O'Bryant Sid E, Edwards Melissa, Zhang Fan, Johnson Leigh A, Hall James, Kuras Yuliya, Scherzer Clemens R
Institute for Translational Research, Department of Pharmacology & Neuroscience, University of North Texas Health Science Center, Fort Worth, TX, USA.
Department of Neuro-Oncology, MD Anderson Cancer Center, Houston, TX, USA.
Alzheimers Dement (Amst). 2019 May 2;11:374-382. doi: 10.1016/j.dadm.2019.03.001. eCollection 2019 Dec.
We sought to determine if our previously validated proteomic profile for detecting Alzheimer's disease would detect Parkinson's disease (PD) and distinguish PD from other neurodegenerative diseases.
Plasma samples were assayed from 150 patients of the Harvard Biomarkers Study (PD, n = 50; other neurodegenerative diseases, n = 50; healthy controls, n = 50) using electrochemiluminescence and Simoa platforms.
The first step proteomic profile distinguished neurodegenerative diseases from controls with a diagnostic accuracy of 0.94. The second step profile distinguished PD cases from other neurodegenerative diseases with a diagnostic accuracy of 0.98. The proteomic profile differed in step 1 versus step 2, suggesting that a multistep proteomic profile algorithm to detecting and distinguishing between neurodegenerative diseases may be optimal.

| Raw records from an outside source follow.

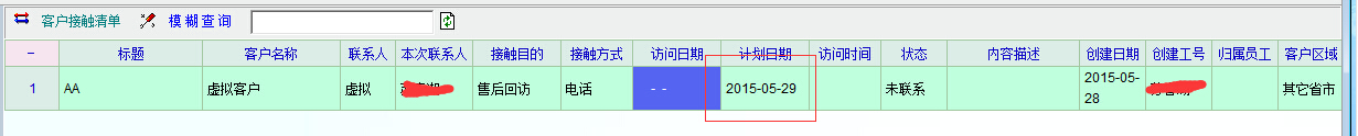 2、前面日期大于后面日期,系统只把前面日期当作计划接触的时间,如图2,图3所示。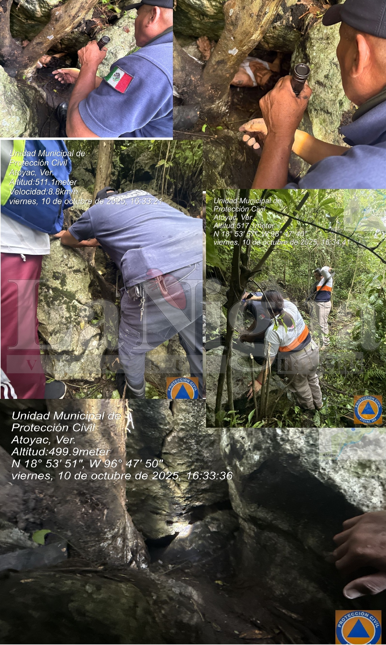 La Angostura, Atoyac, Ver.- Tres sujetos que se metieron a tomar y convivir dentro de un sótano, se enfrentaron al problema que este comenzó a drenar agua, porl o que dos decidieron salir con dificultades, ya que es fácil entrar entre las placas de roca en descenso, pero para salir por ascenso es más difícil.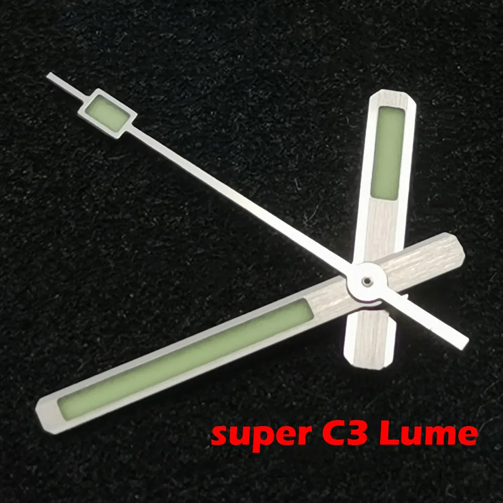 62MAS Solid Watch Hands Fit NH35 NH36 ETA2824 2836 PT5000 ST2130 Movement Japan C3 Super Green Lume Three-dimensional Silver Rim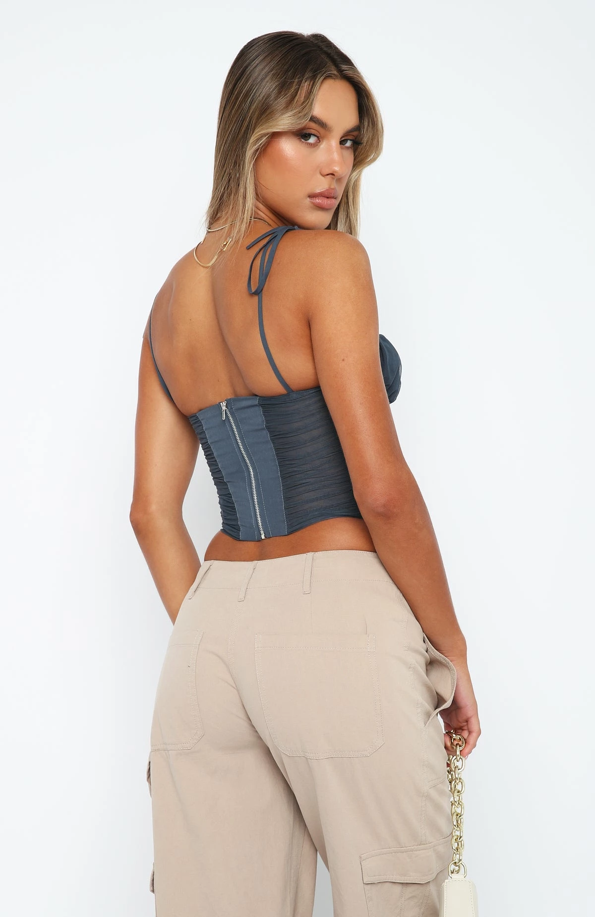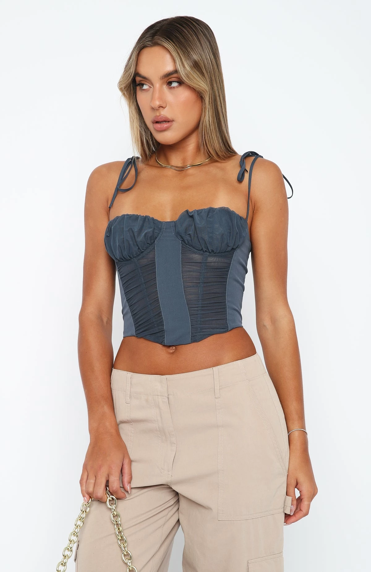 Add some structure to your look with the Make The Move Bustier in Charcoal. Featuring thin, adjustable straps, bust underwire, boning in bodice, zipper centre back and lined mesh fabric. We love this paired with PU pants and perspex heels for a look we love!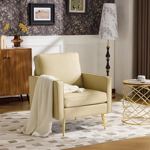 {"about_product": ["Stylish Design—This accent chair features a mid-century modern style with brown PU leather upholstery and sleek gold-toned metal legs.", "Comfortable and Supportive— Generously padded seats and armrests provide exceptional comfort, perfect for relaxing or entertaining guests.", "Compact Dimensions—Measuring 31.8\" D x 30.8\" W x 33\" H, this chair is ideal for small spaces while still providing ample seating.", "Versatile Use—It is perfect for living rooms, bedrooms, home offices, or any space needing extra seating, whether as a reading chair in the bedroom or a statement piece in the living room.", "Easy Assembly—Assembly is quick and straightforward with clear instructions and minimal steps, so you can start enjoying your new armchair in no time. Please note that the cushions are vacuum packed and may take 2-3 days to fully expand to their original shape"], "product_description": null, "product_information": {"ASIN": "B0DK8VNTS4", "Size": "31.8\" L x 30.3\" W x 33\" H", "Brand": "VINGLI", "Color": "Brown", "Style": "Mid-Century Modern", "Pattern": "Solid", "Tilting": "No", "Arm Style": "Straight", "Leg Style": "Tapered Leg", "Room Type": "Apartment, Bedroom, Home Office, Living Room, Playroom", "Back Style": "Mid Back", "Seat Depth": "21.2 inches", "Form Factor": "Armchair", "Is Foldable": "No", "Item Weight": "47.4 pounds", "Seat Height": "18.1 Inches", "Seat Length": "23.6 Inches", "Manufacturer": "VINGLI", "Fill Material": "Leather", "Is Customizable": "No", "Special Feature": "Arm Rest, Removable Cover, Space Saving, Upholstered Leather", "Best Sellers Rank": "#799,865 in Home & Kitchen (See Top 100 in Home & Kitchen) #1,438 in Living Room Chairs", "Item model number": "645f1727-a444-482e-9bee-b6ff861aa624", "Product Dimensions": "31.8\"D x 30.3\"W x 33\"H", "Date First Available": "October 18, 2024", "Indoor/Outdoor Usage": "Indoor", "Age Range (Description)": "Adult", "Reclining Position Count": "1", "Seat Back Interior Height": "17.3 Inches", "Assembly Instructions Description": "Assembly is quick and straightforward with clear instructions and minimal steps."}, "product_details": {"Size": "31.8" L x 30.3" W x 33" H", "Brand": "VINGLI", "Color": "Brown", "Material": "Faux Leather", "Product Dimensions": "31.8"D x 30.3"W x 33"H"}}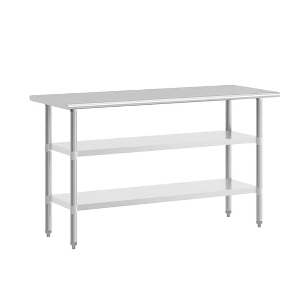 Kitchen space is always at a premium so this commercial stainless steel work table with dual adjustable undershelves is an excellent solution. Great for bulk food preparation for businesses such as daycares, hotels and restaurants, this versatile steel table can be placed against a wall or used as a freestanding kitchen island.Strength and durability are important factors when choosing equipment. Made from quality stainless steel, this metal utility table resists corrosion and holds up to 600 lbs. weight capacity while the undershelves hold up to 200 lbs. each. This commercial grade work table is certified to NSF quality standards reducing the chance of foodborne illness. Not only for kitchen use, this stainless prep table can be used in an outdoor kitchen away from the elements on a covered patio or deck, as a planting station in your greenhouse or a work surface in your garage. Rounded corners prevent scrapes and cuts and this multi-use work table easily assembles in under 10 minutes with the included tools. Adjustable feet move up to 1" to keep you level on uneven flooring. Remove any traces of food contaminants with water and a neutral detergent followed by a dry cloth to keep this shiny piece looking new.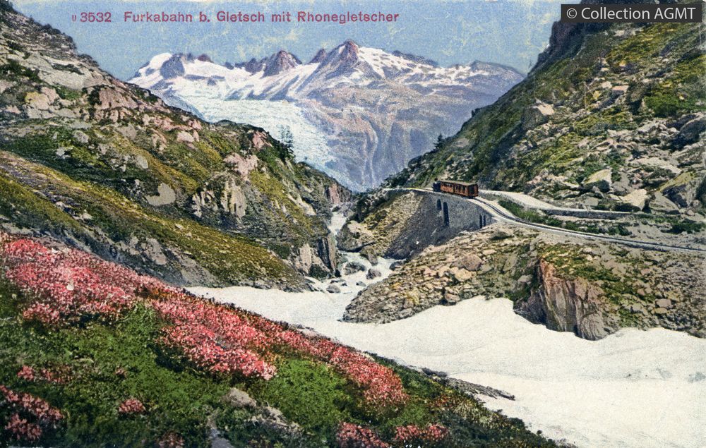 Furkabahn b. Gletsch mit Rhonegletscher [document graphique à deux dimensions] . - [S.l.] : [s.n.], [ca 1915] . - 1 carte postale : colorisée ; 9 x 14 cm. Langues : Allemand (ger)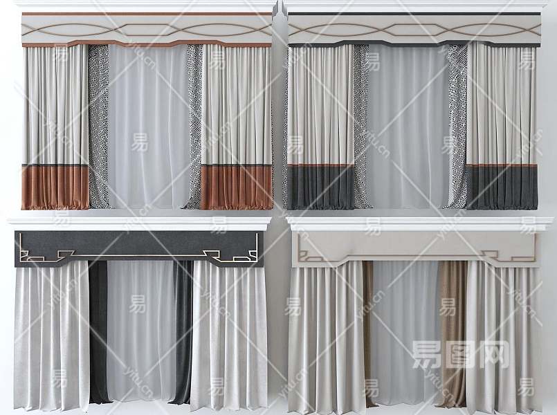 现代窗帘3D模型下载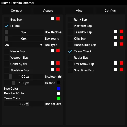 • Blume для Fortnite — современный продукт с отличным ESP и точным AIM для уверенного преимущества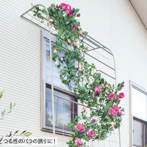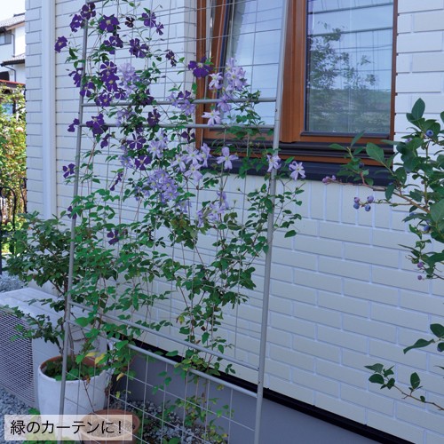 つる性植物をしっかりとはわせられるスチール製の格子型トレリスで、塗膜で傷がつきにくく、熱を持ちにくい加工がされています。シンプルなデザインなので、お好みの使い方ができ、緑のカーテンやつる性のバラなどで壁面を飾るのにおすすめです。(中国製)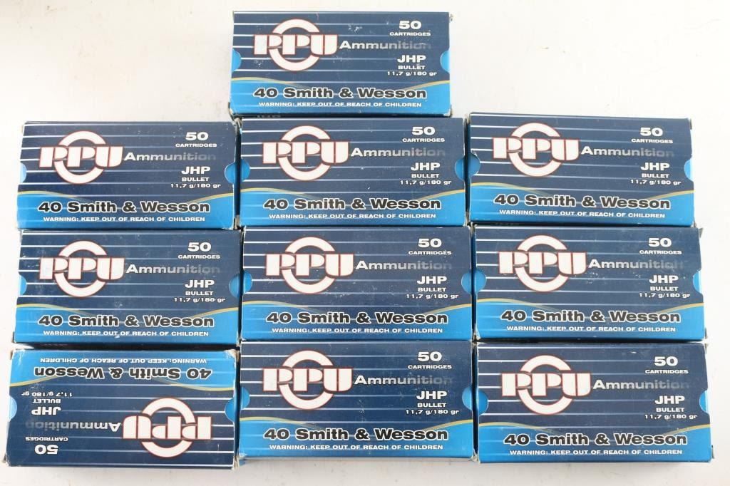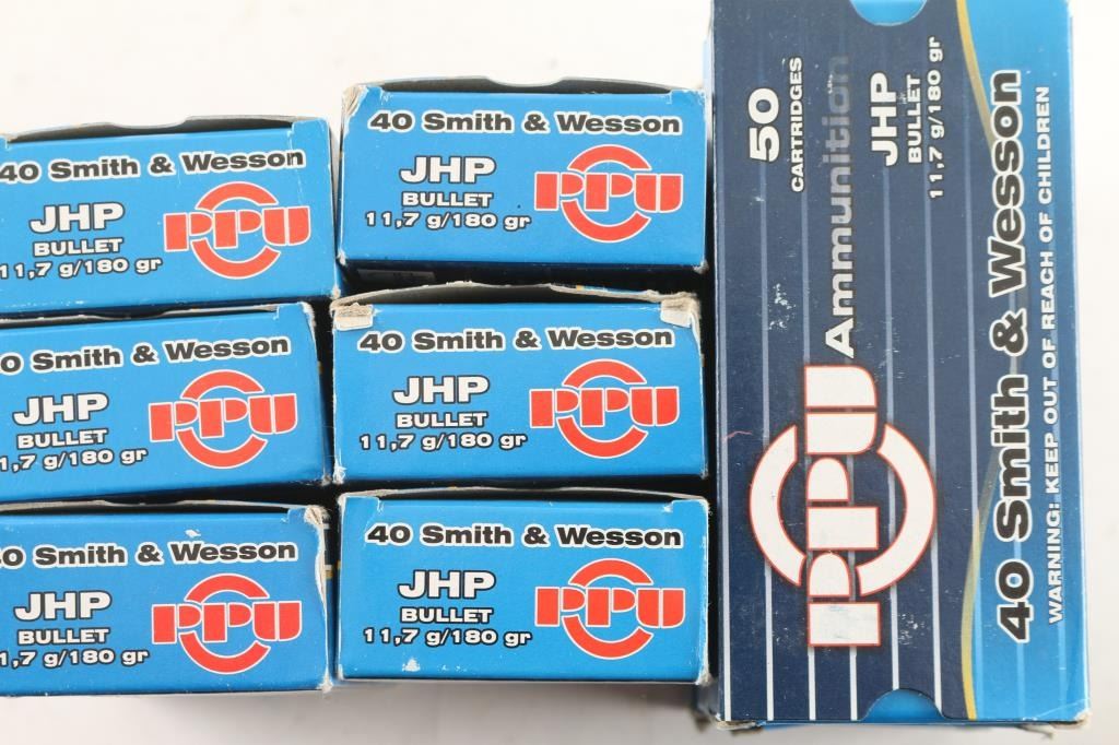 Approx. 500 rounds of new factory 40 S&W ammunition, made by Prvi Partizan (PPU), JHP in factory boxes.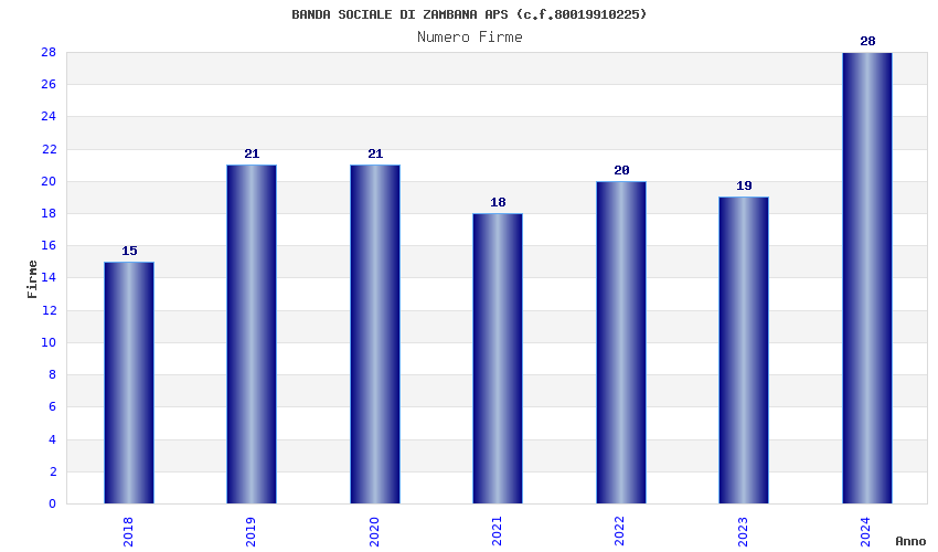 | Anno | Firme | Importi | Media | Naz. | Reg. | Prov. | Comu. |

These data provide evidence of the potential use of a multitiered blood-based proteomic screening method for detecting individuals with neurodegenerative disease and then distinguishing PD from other neurodegenerative diseases.
我们试图确定我们之前验证过的用于检测阿尔茨海默病的蛋白质组学特征是否能检测出帕金森病(PD),并将PD与其他神经退行性疾病区分开来。
使用电化学发光和Simoa平台对哈佛生物标志物研究的150名患者(PD患者50例;其他神经退行性疾病患者50例;健康对照50例)的血浆样本进行检测。
第一步蛋白质组学特征以0.94的诊断准确率将神经退行性疾病与对照区分开来。第二步特征以0.98的诊断准确率将PD病例与其他神经退行性疾病区分开来。第一步和第二步的蛋白质组学特征有所不同,这表明用于检测和区分神经退行性疾病的多步骤蛋白质组学特征算法可能是最佳的。
这些数据为基于血液的多层蛋白质组学筛查方法在检测神经退行性疾病患者并将PD与其他神经退行性疾病区分开来方面的潜在应用提供了证据。